--- SUPPLIED ENTRIES ---

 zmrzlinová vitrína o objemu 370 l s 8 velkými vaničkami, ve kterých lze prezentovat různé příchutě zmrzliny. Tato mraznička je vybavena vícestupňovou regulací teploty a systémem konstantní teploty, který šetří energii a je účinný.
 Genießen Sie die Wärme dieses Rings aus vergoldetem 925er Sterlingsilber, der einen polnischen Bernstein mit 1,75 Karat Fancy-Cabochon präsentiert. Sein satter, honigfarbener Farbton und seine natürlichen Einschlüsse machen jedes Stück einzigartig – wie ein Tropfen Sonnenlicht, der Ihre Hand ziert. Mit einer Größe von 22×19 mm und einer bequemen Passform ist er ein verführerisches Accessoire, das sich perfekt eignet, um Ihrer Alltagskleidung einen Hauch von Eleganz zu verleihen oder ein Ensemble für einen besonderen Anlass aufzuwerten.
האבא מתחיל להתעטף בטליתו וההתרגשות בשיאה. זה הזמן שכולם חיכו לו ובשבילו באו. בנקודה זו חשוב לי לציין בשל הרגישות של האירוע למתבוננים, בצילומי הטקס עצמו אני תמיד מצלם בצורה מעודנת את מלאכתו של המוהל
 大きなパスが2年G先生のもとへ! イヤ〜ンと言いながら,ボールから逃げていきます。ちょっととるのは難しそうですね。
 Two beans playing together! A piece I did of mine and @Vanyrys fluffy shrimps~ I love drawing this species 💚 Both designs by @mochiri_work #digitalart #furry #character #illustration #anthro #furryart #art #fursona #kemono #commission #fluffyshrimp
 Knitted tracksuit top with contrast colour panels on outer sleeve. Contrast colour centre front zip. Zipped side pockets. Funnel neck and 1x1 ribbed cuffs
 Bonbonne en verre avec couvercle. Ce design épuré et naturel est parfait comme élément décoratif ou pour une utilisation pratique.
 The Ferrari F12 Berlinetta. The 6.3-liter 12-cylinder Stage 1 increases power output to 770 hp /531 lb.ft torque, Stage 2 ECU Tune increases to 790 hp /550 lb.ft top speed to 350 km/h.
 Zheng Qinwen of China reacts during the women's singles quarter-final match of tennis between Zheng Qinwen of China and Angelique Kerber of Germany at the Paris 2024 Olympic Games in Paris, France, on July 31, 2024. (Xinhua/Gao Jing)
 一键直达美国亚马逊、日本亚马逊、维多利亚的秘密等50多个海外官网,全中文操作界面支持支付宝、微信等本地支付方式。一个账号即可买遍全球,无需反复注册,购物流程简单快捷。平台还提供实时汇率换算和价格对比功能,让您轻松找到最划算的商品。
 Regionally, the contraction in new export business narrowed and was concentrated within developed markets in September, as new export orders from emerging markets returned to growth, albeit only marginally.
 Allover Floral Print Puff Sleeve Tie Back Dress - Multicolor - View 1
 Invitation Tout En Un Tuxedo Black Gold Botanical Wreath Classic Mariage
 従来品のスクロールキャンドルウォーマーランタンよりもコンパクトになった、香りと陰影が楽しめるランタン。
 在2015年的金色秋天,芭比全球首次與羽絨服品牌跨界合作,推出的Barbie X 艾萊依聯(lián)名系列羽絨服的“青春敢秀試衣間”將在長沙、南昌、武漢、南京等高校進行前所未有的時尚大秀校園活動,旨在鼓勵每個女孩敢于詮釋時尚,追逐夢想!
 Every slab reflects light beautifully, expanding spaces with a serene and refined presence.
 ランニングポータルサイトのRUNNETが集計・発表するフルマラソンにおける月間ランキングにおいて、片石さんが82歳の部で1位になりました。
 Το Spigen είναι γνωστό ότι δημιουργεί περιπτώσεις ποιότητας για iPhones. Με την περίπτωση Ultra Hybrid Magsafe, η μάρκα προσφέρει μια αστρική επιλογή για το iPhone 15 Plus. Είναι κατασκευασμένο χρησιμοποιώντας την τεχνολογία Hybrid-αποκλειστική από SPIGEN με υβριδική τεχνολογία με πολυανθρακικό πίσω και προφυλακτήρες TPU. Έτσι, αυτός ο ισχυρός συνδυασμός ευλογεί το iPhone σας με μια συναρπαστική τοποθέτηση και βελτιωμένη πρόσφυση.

---

▶ **REQUIREMENT**:
The data must be printed verbatim, line by line.

▶ **ANSWER SECTION**:
 zmrzlinová vitrína o objemu 370 l s 8 velkými vaničkami, ve kterých lze prezentovat různé příchutě zmrzliny. Tato mraznička je vybavena vícestupňovou regulací teploty a systémem konstantní teploty, který šetří energii a je účinný.
 Genießen Sie die Wärme dieses Rings aus vergoldetem 925er Sterlingsilber, der einen polnischen Bernstein mit 1,75 Karat Fancy-Cabochon präsentiert. Sein satter, honigfarbener Farbton und seine natürlichen Einschlüsse machen jedes Stück einzigartig – wie ein Tropfen Sonnenlicht, der Ihre Hand ziert. Mit einer Größe von 22×19 mm und einer bequemen Passform ist er ein verführerisches Accessoire, das sich perfekt eignet, um Ihrer Alltagskleidung einen Hauch von Eleganz zu verleihen oder ein Ensemble für einen besonderen Anlass aufzuwerten.
האבא מתחיל להתעטף בטליתו וההתרגשות בשיאה. זה הזמן שכולם חיכו לו ובשבילו באו. בנקודה זו חשוב לי לציין בשל הרגישות של האירוע למתבוננים, בצילומי הטקס עצמו אני תמיד מצלם בצורה מעודנת את מלאכתו של המוהל
 大きなパスが2年G先生のもとへ! イヤ〜ンと言いながら,ボールから逃げていきます。ちょっととるのは難しそうですね。
 Two beans playing together! A piece I did of mine and @Vanyrys fluffy shrimps~ I love drawing this species 💚 Both designs by @mochiri_work #digitalart #furry #character #illustration #anthro #furryart #art #fursona #kemono #commission #fluffyshrimp
 Knitted tracksuit top with contrast colour panels on outer sleeve. Contrast colour centre front zip. Zipped side pockets. Funnel neck and 1x1 ribbed cuffs
 Bonbonne en verre avec couvercle. Ce design épuré et naturel est parfait comme élément décoratif ou pour une utilisation pratique.
 The Ferrari F12 Berlinetta. The 6.3-liter 12-cylinder Stage 1 increases power output to 770 hp /531 lb.ft torque, Stage 2 ECU Tune increases to 790 hp /550 lb.ft top speed to 350 km/h.
 Zheng Qinwen of China reacts during the women's singles quarter-final match of tennis between Zheng Qinwen of China and Angelique Kerber of Germany at the Paris 2024 Olympic Games in Paris, France, on July 31, 2024. (Xinhua/Gao Jing)
 一键直达美国亚马逊、日本亚马逊、维多利亚的秘密等50多个海外官网,全中文操作界面支持支付宝、微信等本地支付方式。一个账号即可买遍全球,无需反复注册,购物流程简单快捷。平台还提供实时汇率换算和价格对比功能,让您轻松找到最划算的商品。
 Regionally, the contraction in new export business narrowed and was concentrated within developed markets in September, as new export orders from emerging markets returned to growth, albeit only marginally.
 Allover Floral Print Puff Sleeve Tie Back Dress - Multicolor - View 1
 Invitation Tout En Un Tuxedo Black Gold Botanical Wreath Classic Mariage
 従来品のスクロールキャンドルウォーマーランタンよりもコンパクトになった、香りと陰影が楽しめるランタン。
 在2015年的金色秋天,芭比全球首次與羽絨服品牌跨界合作,推出的Barbie X 艾萊依聯(lián)名系列羽絨服的“青春敢秀試衣間”將在長沙、南昌、武漢、南京等高校進行前所未有的時尚大秀校園活動,旨在鼓勵每個女孩敢于詮釋時尚,追逐夢想!
 Every slab reflects light beautifully, expanding spaces with a serene and refined presence.
 ランニングポータルサイトのRUNNETが集計・発表するフルマラソンにおける月間ランキングにおいて、片石さんが82歳の部で1位になりました。
 Το Spigen είναι γνωστό ότι δημιουργεί περιπτώσεις ποιότητας για iPhones. Με την περίπτωση Ultra Hybrid Magsafe, η μάρκα προσφέρει μια αστρική επιλογή για το iPhone 15 Plus. Είναι κατασκευασμένο χρησιμοποιώντας την τεχνολογία Hybrid-αποκλειστική από SPIGEN με υβριδική τεχνολογία με πολυανθρακικό πίσω και προφυλακτήρες TPU. Έτσι, αυτός ο ισχυρός συνδυασμός ευλογεί το iPhone σας με μια συναρπαστική τοποθέτηση και βελτιωμένη πρόσφυση.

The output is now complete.